The 443 Session module attempts to improve on the Secure Pages combination, including utilizing the PHP "session.cookie_secure" setting and providing better support for anonymous users. However, enabling the "session.cookie_secure" setting has an unhelpful side effect. When a request comes in using HTTPS, Drupal core creates a second session record for the user in the "sessions" table of the database. This second session knows nothing about the first session. For example, if there is "data" associated with the first session, this is unknown to the secure session. During the switch (or "step up") from insecure to secure mode, this module (in conjunction with Drupal core) does not preserve the session data. Thus, the visitors to your site can add products to their cart over HTTP sessions, but their cart information is lost when they go to checkout using the new HTTPS session. They are greeted with a message like "There are no products in your shopping cart."

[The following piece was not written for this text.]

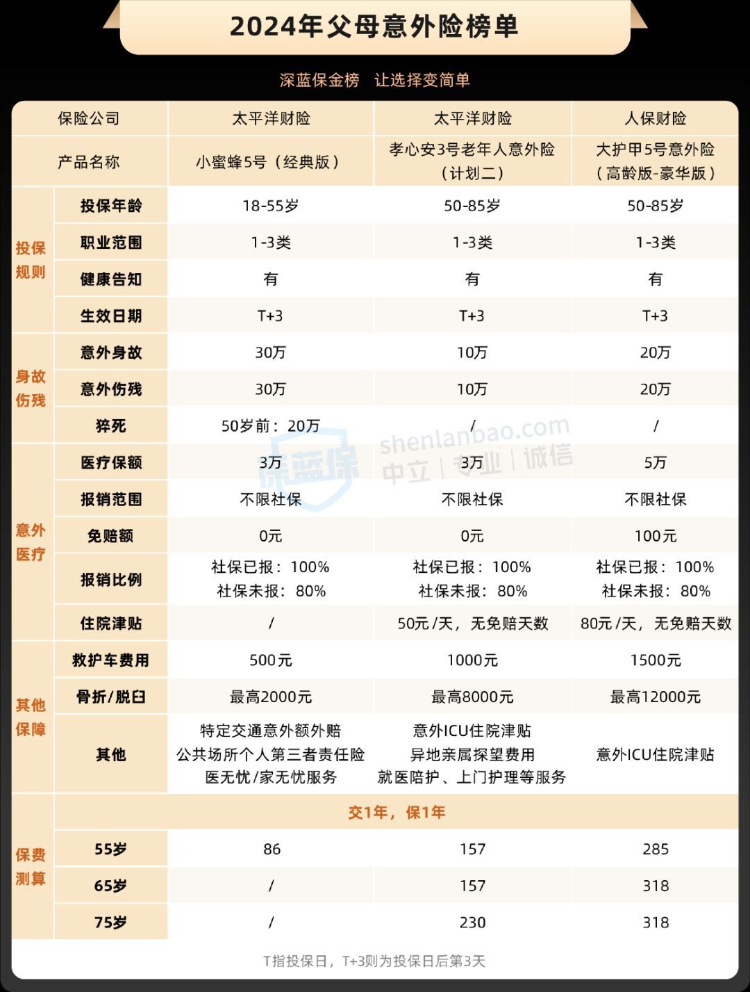 给爸妈挑选意外险时,优先关注意外医疗保障,包括报销范围(是否不限社保)、报销比例、免赔额以及爸妈常住地的医院能否报销。

For the use case presented above, none of these modules (in conjunction with Drupal core) provides a solution.
Drupal 7 and 8 approach
In Drupal 7, the dual session situation is handled with two session IDs on a single record in the sessions table, one ID each for the insecure and secure sessions. Inherent to this design, the session data is automatically shared between the sessions. The cookie for the secure ID is only transmitted over a secure connection. To further address the problem of session hijacking, the session IDs are regenerated when the visitor switches to secure mode (referred to as a "step up").
However, even the Drupal 7 and 8 implementation has some flaws such as:
- after a user switches several times between HTTP and HTTPS, they end with "multiple" entries in the sessions table
- does not address security concerns with a step down from HTTPS to HTTP
These concerns are discussed in these issues:
A Drupal 6 solution
Out of all this, I created the Mixed Session module for Drupal 6 that:
- (AFAIK) securely implements mixed sessions
- regenerates session IDs on step up and step down
- preserves session data between session modes
- provides configurable rules for redirecting page requests to secure or insecure mode
- provides a configuration switch to stay secure once having entered secure mode
- includes a core patch to back-port the Drupal 7 dual session ID approach
- incorporates concepts mentioned in the issues referenced above
- transmits the secure ID only when in secure mode
- regenerates the insecure session ID when switching to of from secure mode
- implements four types of redirect rules to enter and exit secure mode
Redirect rules are available for:
- overall: never redirect, always redirect, or redirect based on rules below
- content: if the page includes a particular form (e.g. a login block)
- path: the request URL
- user state: anonymous or authenticated
The module also declares two API hooks through which a developer can incorporate more complex redirect rules.
With this module you can easily handle the client situation mentioned at the outset. You can also handle other configurations, such as:
- redirecting site administrators to view all site content in secure mode using HTTPS connections
- redirecting authenticated shoppers to secure mode when viewing their account pages.